2. Mit welchem Budget sollte ich für Display-Anzeigen beginnen?
Beginnen Sie mit einem kleinen Testbudget, mit dem sich genügend Klick- und Konversionsdaten sammeln lassen.
Ziel ist es nicht, sofort zu skalieren. Ermitteln Sie zunächst, welche Quellen, Geräte, Regionen und Werbemittel am besten funktionieren. Erhöhen Sie das Budget erst, wenn die Kampagne stabile Ergebnisse liefert.
3. Wie oft sollte ich die Werbemittel für Displayanzeigen ändern?
Ändern Sie die Werbemittel, wenn Klickrate, Konversionsrate oder Engagement sinken.

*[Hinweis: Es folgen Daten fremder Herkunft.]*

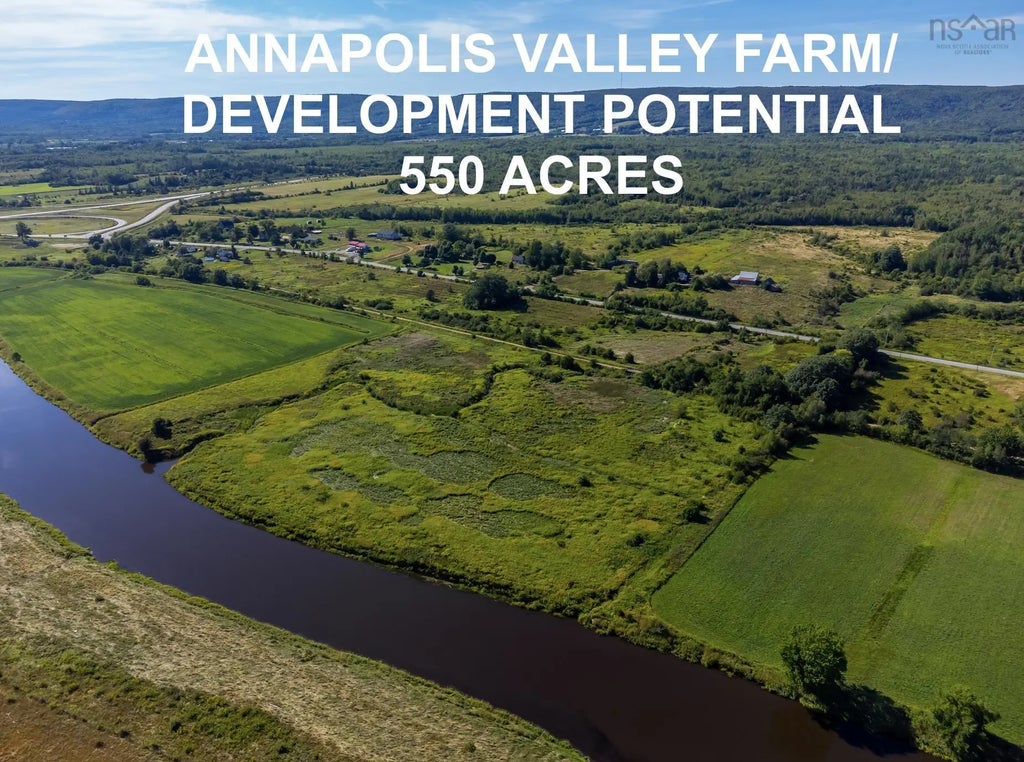 Prime development opportunity on 550 +/- acres in the Annapolis Valley. A mixture of farmland and woodland borders both sides of Hwy 1 and runs north across Hwy 101, just east of Bridgetown. A total of 23 PID's (land parcels) comprise the total acreage, with Annapolis River frontage as well, two former rail beds and the old Saunders Road providing so many potential opportunities to develop and or farm! There is an old existing farmhouse, barns and other outbuildings that could be repaired and put to use. If you are looking for development, look no further and own a large portion of this Annapolis Valley. Property is being sold 'as is'.

Viele Kampagnen benötigen neue Bilder, Überschriften oder Handlungsaufforderungen (CTA-Texte), nachdem Nutzer dieselbe Anzeige zu oft gesehen haben. Kreative Neuerungen tragen dazu bei, die Werbemüdigkeit zu reduzieren.
4. Eignen sich Display-Anzeigen für Retargeting?

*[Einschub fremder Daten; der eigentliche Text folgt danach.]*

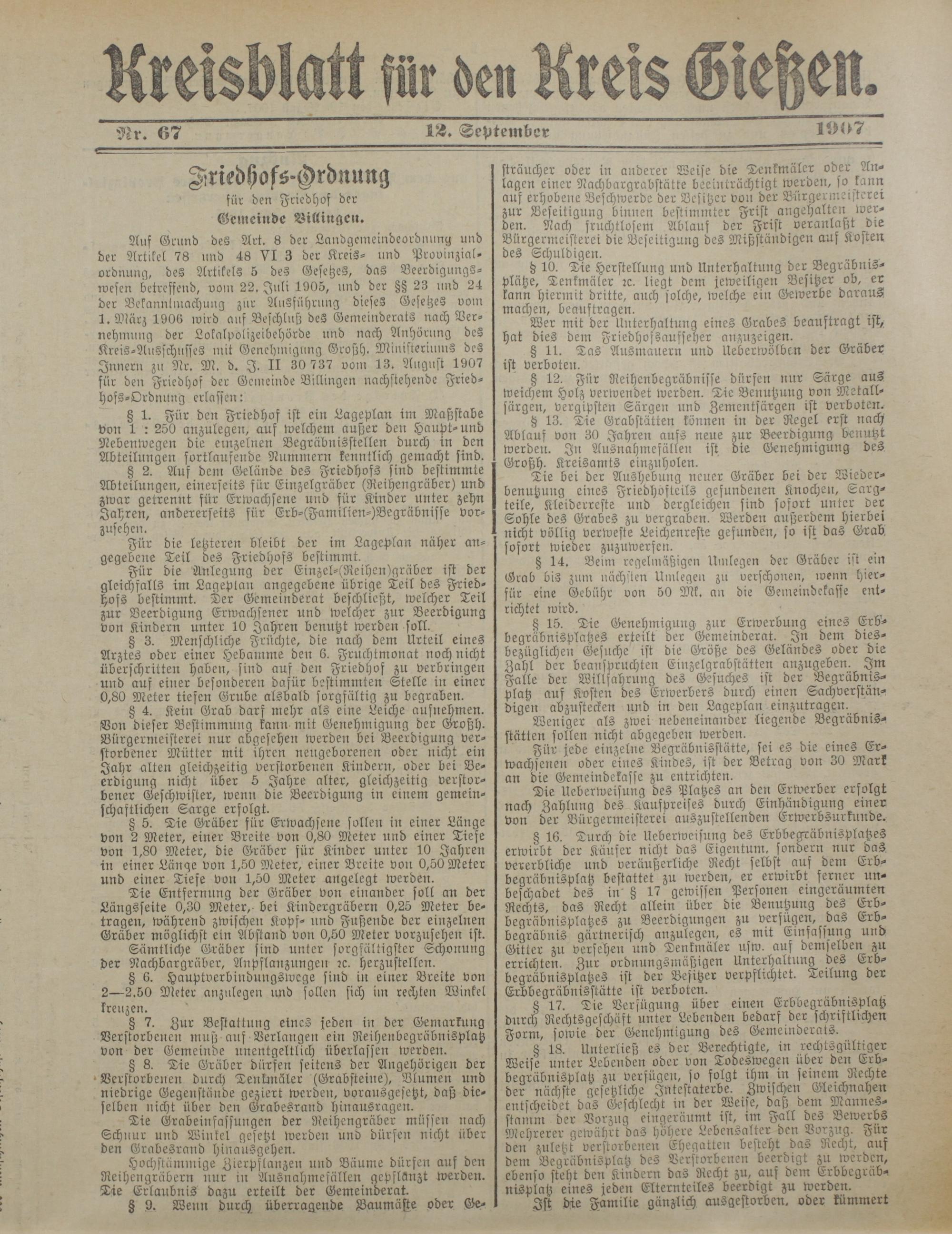 § 13. Tie Grabstätten können in der Regel erst nach Ablauf von 30 Jahren aufs neue zur Beerdigung benutzt werden. In Ausnahmefüllen ist die Genehmigung des Großh. Kreisamts einzuholen.

Ja. Displayanzeigen eignen sich gut für Retargeting, da sie Nutzer erreichen, die bereits eine Website besucht, angeklickt, ein Produkt angesehen oder eine Aktion gestartet haben.
Retargeting-Kampagnen erzielen oft bessere Ergebnisse als Kaltakquise-Kampagnen, weil die Zielgruppe die Marke oder das Angebot bereits kennt.
5. Was ist der Hauptgrund dafür, dass Display-Werbekampagnen Geld verschwenden?
Der Hauptgrund ist, dass der Datenverkehr ohne Optimierung auf Quellcodeebene betrieben wird.
Werbetreibende sollten Conversions nach Quelle, Gerät, Region, Werbemittel und Zeit tracken. Schwache Segmente sollten pausiert und die erfolgreichen Segmente skaliert werden.